Helaas, het bleef pijn doen. Een ambetante zeurende pijn, zei Wolf. Een week later stonden we dus toch bij de dokter, die vaststelde dat het precies toch nog steeds dik stond. Een week krukken, geen turnles of training, en netjes in een verband steken. En dan nog rustig aandoen, en als het bleef, toch terugkomen. Mja.

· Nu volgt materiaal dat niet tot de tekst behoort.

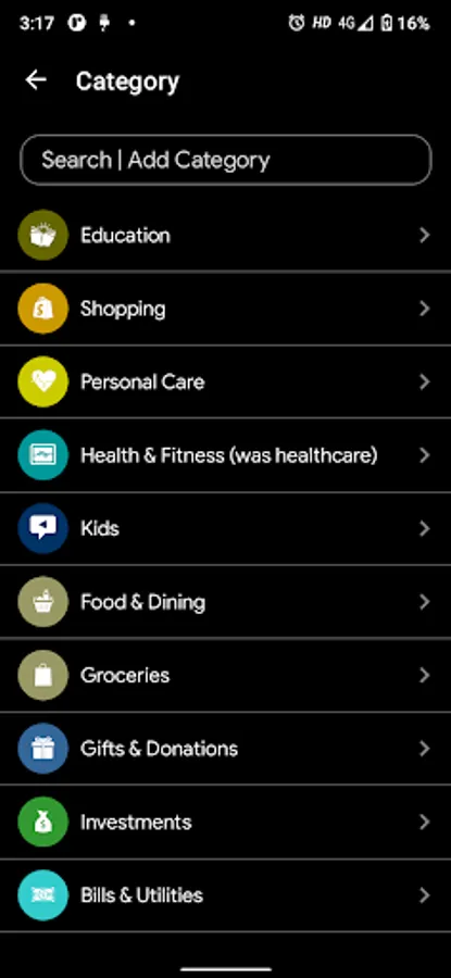 - Color picker for change category color

Twee weken later stonden we opnieuw bij de dokter: de rust had wat geholpen, maar het bleef pijn doen, na drie weken. Hmm, zei de dokter. Het was precies ook een rare plek om pijn te doen: niet zijn enkel zelf, niet de kruisbanden, maar eigenlijk vooral aan de buitenkant van zijn voet, net boven de knokkel. Bizar. Blijven rusten, dus geen rugby of turnen, en naar de kinesist. Ook de kinesist vond het raar, maar we dachten in de richting van een verrekking die door zijn groeischeut onder stress bleef staan en dus niet wilde genezen. Mja.

Helaas, ook de kinesie hielp eigenlijk nauwelijks, en na acht beurten zei de kinesist zelf dat ze het niet normaal vond, en dat we verder moesten gaan, met medische beeldvorming en zo. Bon, een afspraak gemaakt bij mijn vaste orthopedist, en via de huisarts een voorschrift voor RX en echo. Op de foto’s was totaal niks te zien – zoals verwacht – maar ook de echo gaf geen enkel resultaat. Het diensthoofd zelf heeft twintig minuten gezocht, vooral op de plekken waar het pijn deed uiteraard, maar vond totaal niks. Perfecte spieren en pezen, goede doorbloeding, mooie groeischijven, enfin, alles zoals het zou moeten zijn. Mja.

IMG_1514

Wij moeten maandag dus naar Van Den Broecke, en ik ben benieuwd wat hij ervan zal zeggen. Hopelijk vindt hij iets, want dit begint serieus ambetant te worden.

Had ik dit destijds maar aangegeven bij de verzekering…

Een ezel verslijt eerst aan zijn poten, zeggen ze

En ik ben duidelijk een ezel. Enfin, ezelin.

Ik heb zondagmorgen namelijk mijn rechtervoet verstuikt. Na twee dagen als ne zot rondcrossen in de bossen, stap ik gewoon een drempel af, op een boomworteltje, en klak – voet omgeslagen. Zucht. Ik ben even blijven zitten, in de ijdele hoop dat het wel ging overgaan, die pijn. Maar om eerlijk te zijn ken ik mijn eigen lijf zo onderhand wel een beetje, en dan vooral mijn poten.

Ik ben na tien minuten rechtgekrabbeld, en heb me richting strijdtoneel begeven. Al mankend, maar het viel allemaal nog mee. Ik heb er dan ’s middags wat zalf op gesmeerd en een basis tape aangelegd, en toen ging het wel. Het stond dik, maar gelukkig niet blauw, de gewrichtsbanden zijn dus niet gescheurd.

Intussen is het wel meer pijn beginnen doen, en ging ik maandag naar school op mijn Allstars met mijn stevig enkelverband aan. Ja, ik heb dat, want – zie titel. En de wandelstok van mijn grootvader is ook goed van pas gekomen.

Enfin, ik hoop maar dat het snel geneest, want voorlopig ziet het er niet bijzonder goed uit: het verergert niet, maar het betert ook niet. En volgende week is er GWP, waarbij ik behoorlijk veel moet wandelen.

Ach ja, ik ben gelukkig een harde. En het is ook niet de eerste keer, want – zie titel. Juist ja.